◆ **Exercise objective**: An exact reproduction is required of the lines from the beginning of the entries through the line with "刘伟的山水画饱含了他对山川河", pictures excluded and nothing added.

*** Data listing Section Begins ***

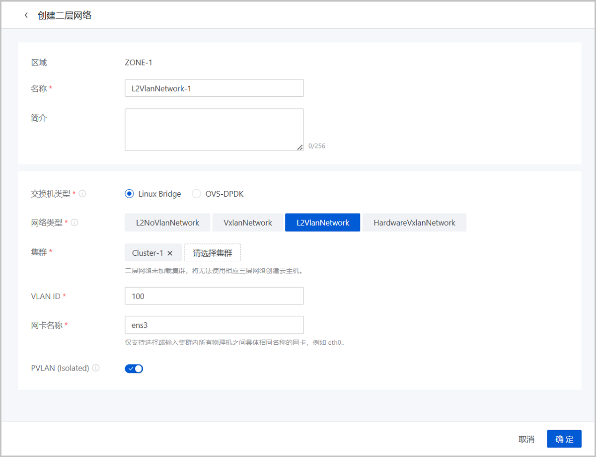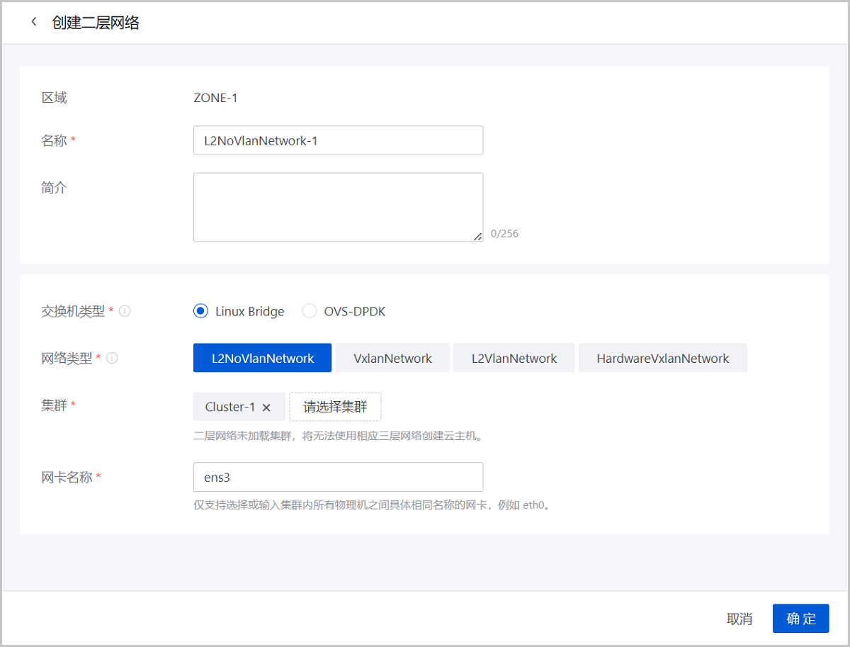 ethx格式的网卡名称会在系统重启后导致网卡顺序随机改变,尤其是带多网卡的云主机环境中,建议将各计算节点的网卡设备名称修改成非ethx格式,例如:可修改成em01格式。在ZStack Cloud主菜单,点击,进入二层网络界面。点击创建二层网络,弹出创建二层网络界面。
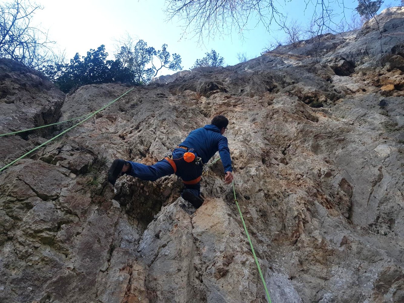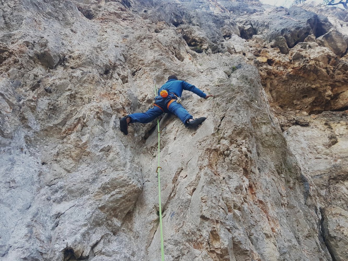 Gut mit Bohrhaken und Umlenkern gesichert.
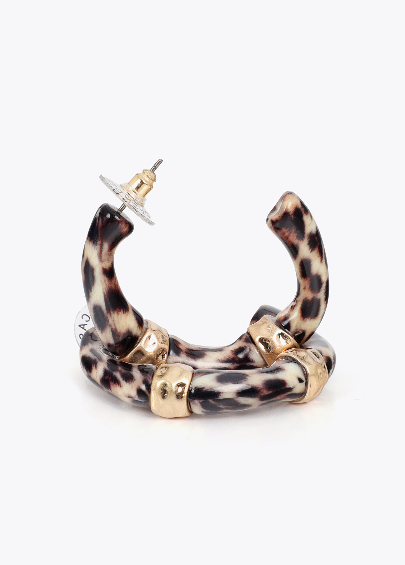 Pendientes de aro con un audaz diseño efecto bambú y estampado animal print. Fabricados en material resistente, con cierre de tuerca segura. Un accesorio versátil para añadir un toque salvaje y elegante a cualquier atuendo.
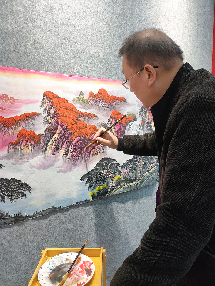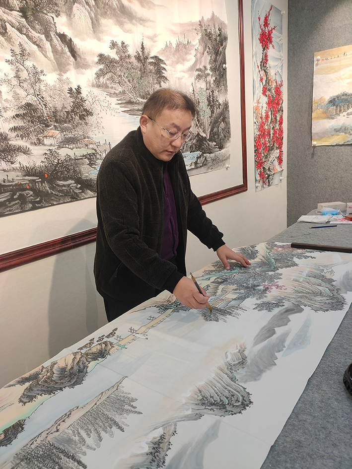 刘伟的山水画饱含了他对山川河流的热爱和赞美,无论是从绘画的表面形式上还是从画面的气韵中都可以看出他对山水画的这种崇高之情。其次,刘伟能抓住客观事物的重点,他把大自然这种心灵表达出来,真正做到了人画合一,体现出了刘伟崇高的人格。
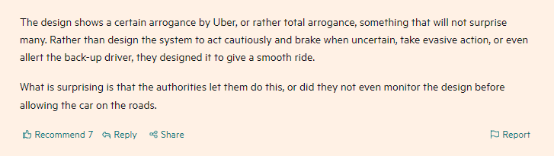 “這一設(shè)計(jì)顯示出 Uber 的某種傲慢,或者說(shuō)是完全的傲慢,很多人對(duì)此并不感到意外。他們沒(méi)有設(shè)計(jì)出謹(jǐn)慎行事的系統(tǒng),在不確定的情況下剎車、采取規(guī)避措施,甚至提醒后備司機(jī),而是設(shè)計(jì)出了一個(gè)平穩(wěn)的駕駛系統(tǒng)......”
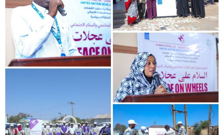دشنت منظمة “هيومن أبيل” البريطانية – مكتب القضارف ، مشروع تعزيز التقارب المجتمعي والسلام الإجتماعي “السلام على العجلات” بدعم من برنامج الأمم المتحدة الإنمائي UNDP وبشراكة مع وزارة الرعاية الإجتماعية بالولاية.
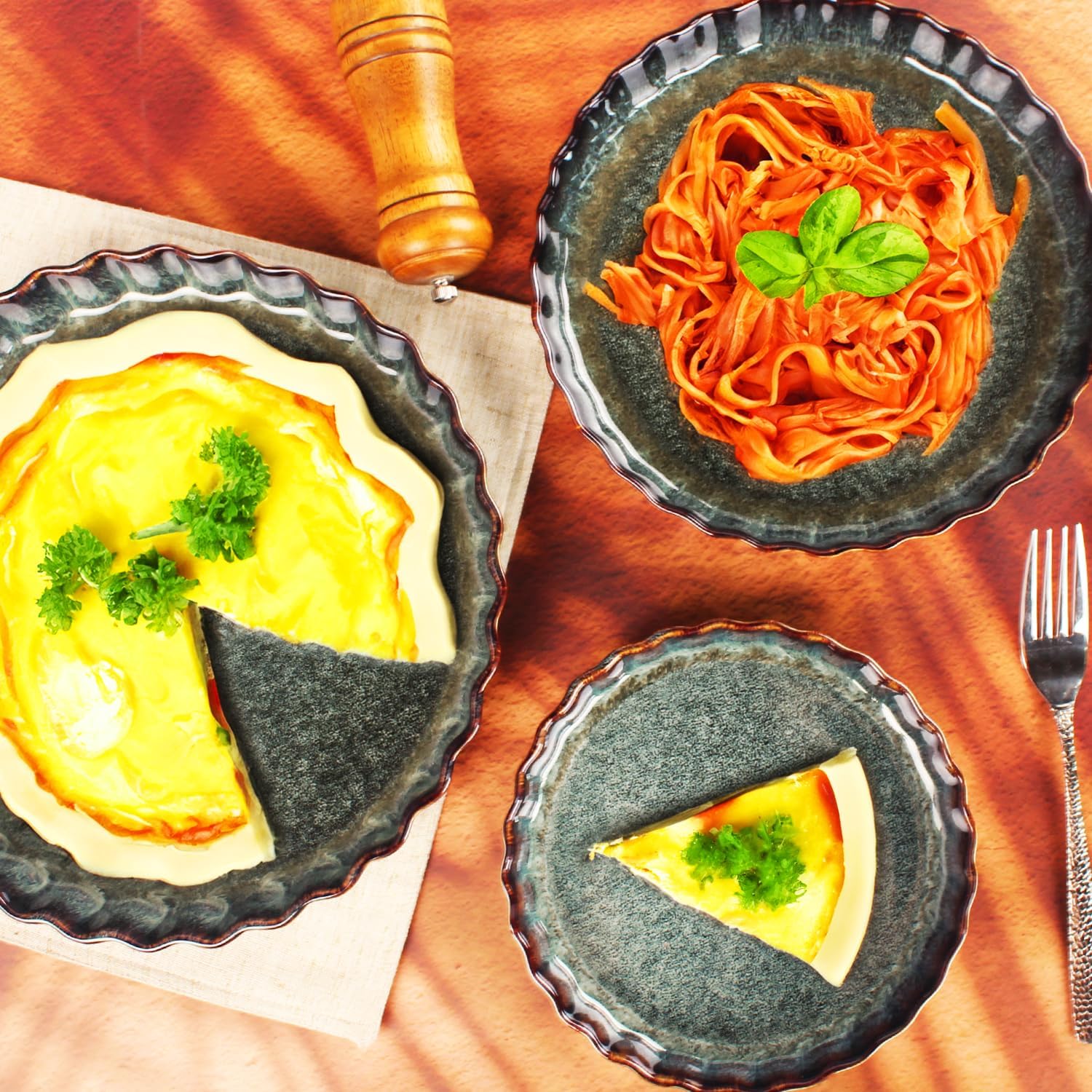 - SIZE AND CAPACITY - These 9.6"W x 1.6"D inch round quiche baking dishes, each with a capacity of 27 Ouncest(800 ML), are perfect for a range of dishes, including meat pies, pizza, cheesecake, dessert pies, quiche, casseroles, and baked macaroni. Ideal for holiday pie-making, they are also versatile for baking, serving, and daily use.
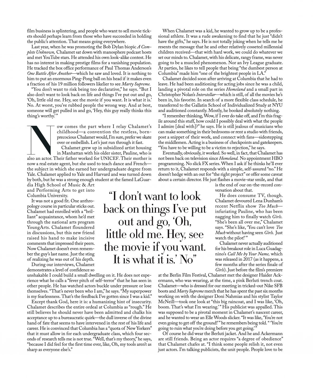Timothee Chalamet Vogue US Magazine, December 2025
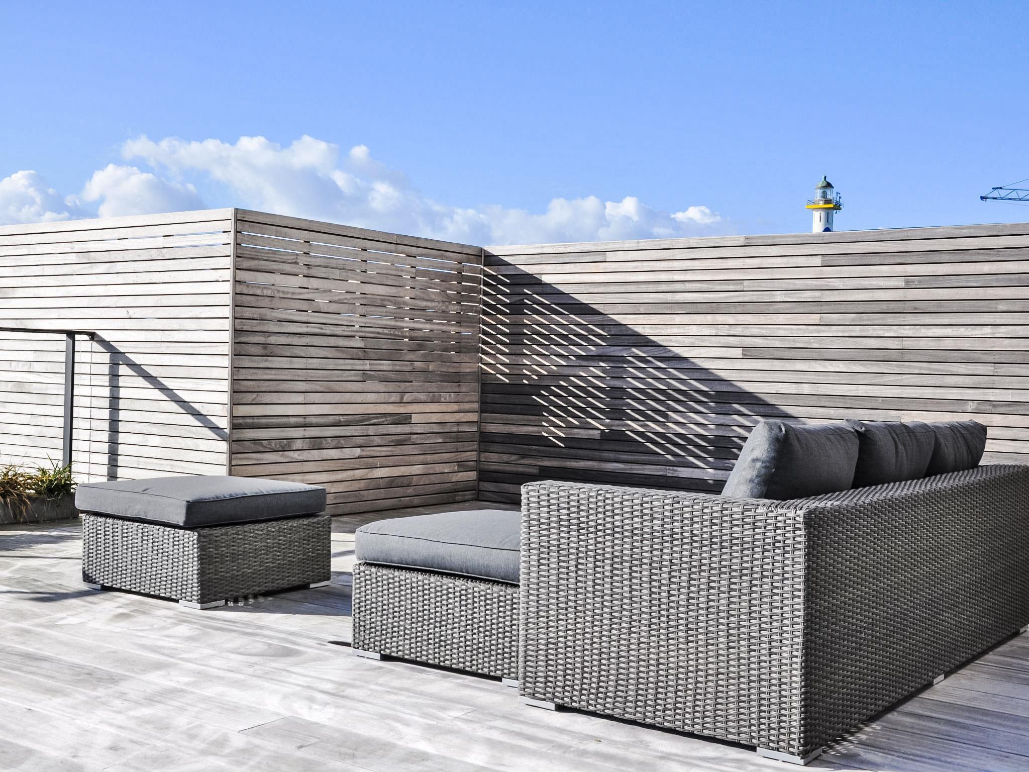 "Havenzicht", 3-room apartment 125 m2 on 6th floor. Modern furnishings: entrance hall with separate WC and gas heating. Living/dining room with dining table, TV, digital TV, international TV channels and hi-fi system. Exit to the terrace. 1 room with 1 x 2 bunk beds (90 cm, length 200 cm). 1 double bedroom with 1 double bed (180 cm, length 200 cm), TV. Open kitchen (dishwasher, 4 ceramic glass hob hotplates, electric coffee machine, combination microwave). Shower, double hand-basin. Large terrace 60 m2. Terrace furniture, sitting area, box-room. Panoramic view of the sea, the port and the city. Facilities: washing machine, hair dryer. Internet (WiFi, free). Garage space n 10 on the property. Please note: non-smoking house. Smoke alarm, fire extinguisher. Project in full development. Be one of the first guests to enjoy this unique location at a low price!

*** Data listing Section Ends ***

◆ **Answer to this exercise**:
 ethx格式的网卡名称会在系统重启后导致网卡顺序随机改变,尤其是带多网卡的云主机环境中,建议将各计算节点的网卡设备名称修改成非ethx格式,例如:可修改成em01格式。在ZStack Cloud主菜单,点击,进入二层网络界面。点击创建二层网络,弹出创建二层网络界面。
 Gut mit Bohrhaken und Umlenkern gesichert.
 Pendientes de aro con un audaz diseño efecto bambú y estampado animal print. Fabricados en material resistente, con cierre de tuerca segura. Un accesorio versátil para añadir un toque salvaje y elegante a cualquier atuendo.
 刘伟的山水画饱含了他对山川河流的热爱和赞美,无论是从绘画的表面形式上还是从画面的气韵中都可以看出他对山水画的这种崇高之情。其次,刘伟能抓住客观事物的重点,他把大自然这种心灵表达出来,真正做到了人画合一,体现出了刘伟崇高的人格。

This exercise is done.